:: Requirement ::
Wherever a picture appears in the listing, leave it out, and copy the rest exactly.
[Supplied material — start]
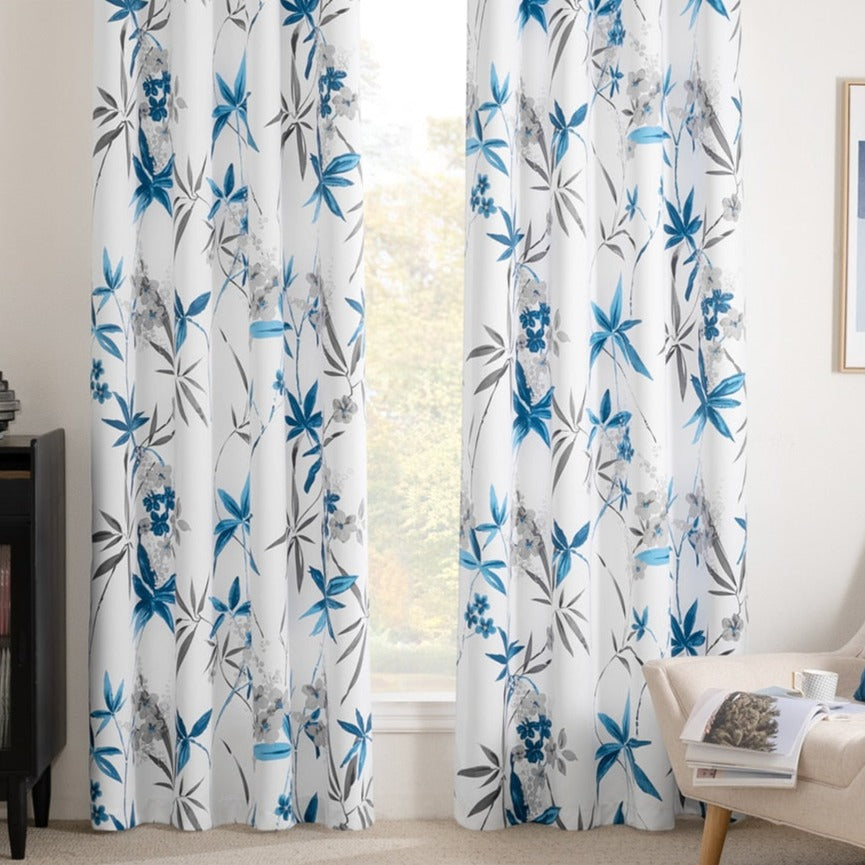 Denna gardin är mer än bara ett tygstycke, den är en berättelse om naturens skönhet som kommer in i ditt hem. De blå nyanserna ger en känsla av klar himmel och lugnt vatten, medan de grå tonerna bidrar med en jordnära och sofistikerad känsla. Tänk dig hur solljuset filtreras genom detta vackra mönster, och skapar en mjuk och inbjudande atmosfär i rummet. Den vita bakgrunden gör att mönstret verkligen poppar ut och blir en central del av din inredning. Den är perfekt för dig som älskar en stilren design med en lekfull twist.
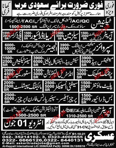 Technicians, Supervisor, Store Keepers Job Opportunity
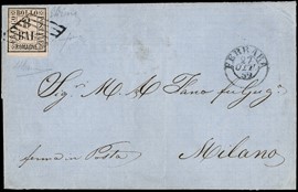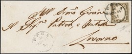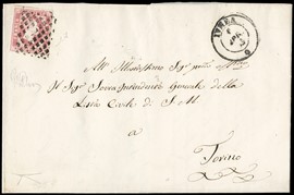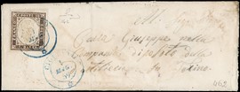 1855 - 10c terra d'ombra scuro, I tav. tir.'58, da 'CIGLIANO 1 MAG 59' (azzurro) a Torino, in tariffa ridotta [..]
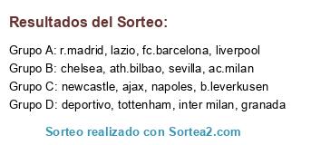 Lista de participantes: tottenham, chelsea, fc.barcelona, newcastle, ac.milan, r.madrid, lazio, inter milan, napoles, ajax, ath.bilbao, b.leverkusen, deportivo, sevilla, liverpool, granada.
[Supplied material — finish]
:: Reply to the task ::
 Denna gardin är mer än bara ett tygstycke, den är en berättelse om naturens skönhet som kommer in i ditt hem. De blå nyanserna ger en känsla av klar himmel och lugnt vatten, medan de grå tonerna bidrar med en jordnära och sofistikerad känsla. Tänk dig hur solljuset filtreras genom detta vackra mönster, och skapar en mjuk och inbjudande atmosfär i rummet. Den vita bakgrunden gör att mönstret verkligen poppar ut och blir en central del av din inredning. Den är perfekt för dig som älskar en stilren design med en lekfull twist.
 Technicians, Supervisor, Store Keepers Job Opportunity
 1855 - 10c terra d'ombra scuro, I tav. tir.'58, da 'CIGLIANO 1 MAG 59' (azzurro) a Torino, in tariffa ridotta [..]
 Lista de participantes: tottenham, chelsea, fc.barcelona, newcastle, ac.milan, r.madrid, lazio, inter milan, napoles, ajax, ath.bilbao, b.leverkusen, deportivo, sevilla, liverpool, granada.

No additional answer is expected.